BEGIN DATASET EXCERPT

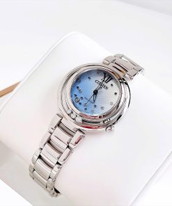 • Thiết kế: Mặt số khảm xà cừ xanh lam sang trọng, điểm xuyết 3 viên kim cương chuyển động tự do tạo điểm nhấn cuốn hút
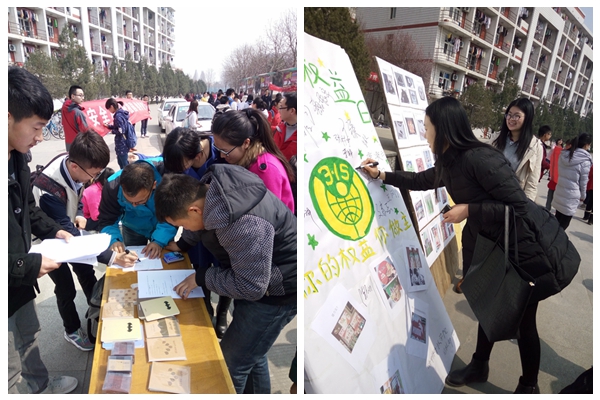 工作人员通过画板向广大师生展示了当今市场中鱼目混珠的商品,无论是日常用品、食品、运动商品等,都有出现营销劣质品、非法盗用大型品牌等不法行为,以假乱真在中国市场上层出不穷,干扰了消费者的购物观念,更甚者卖出的假冒伪劣产品对消费者的健康构成严重危害。该活动通过简单的对比让大家明辨真假,从而更加强有力的抵制假冒伪劣行为,打击不法商家的嚣张气焰。
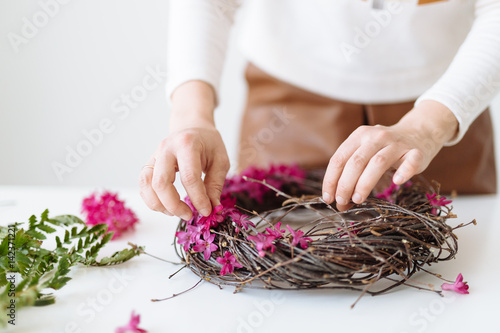bouquet, florist, beautiful, spring, arrangement, flower, vase, young, bloom, blossom, bunch, business, caucasian, concept, consumerism, fern, flora, floral, green, greenery, happiness, natural, packing, pecking, arranging, assembling
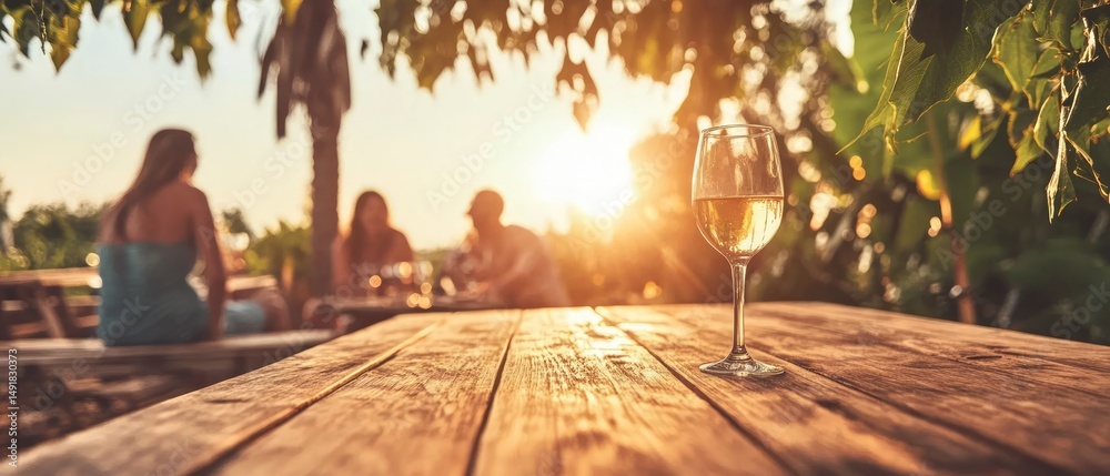Fototapeta do Restauracji - Friends are celebrating with a BBQ at sunset, sharing joy and laughter while enjoying wine in a... #1491830373

END DATASET EXCERPT

DIRECTIONS FOR THIS TASK:
The line containing "工作人员通过画板向广大师生展" marks the end: retype every line from the first one in the listing up to and including it, without pictures.

ANSWER SPACE:
 • Thiết kế: Mặt số khảm xà cừ xanh lam sang trọng, điểm xuyết 3 viên kim cương chuyển động tự do tạo điểm nhấn cuốn hút
 工作人员通过画板向广大师生展示了当今市场中鱼目混珠的商品,无论是日常用品、食品、运动商品等,都有出现营销劣质品、非法盗用大型品牌等不法行为,以假乱真在中国市场上层出不穷,干扰了消费者的购物观念,更甚者卖出的假冒伪劣产品对消费者的健康构成严重危害。该活动通过简单的对比让大家明辨真假,从而更加强有力的抵制假冒伪劣行为,打击不法商家的嚣张气焰。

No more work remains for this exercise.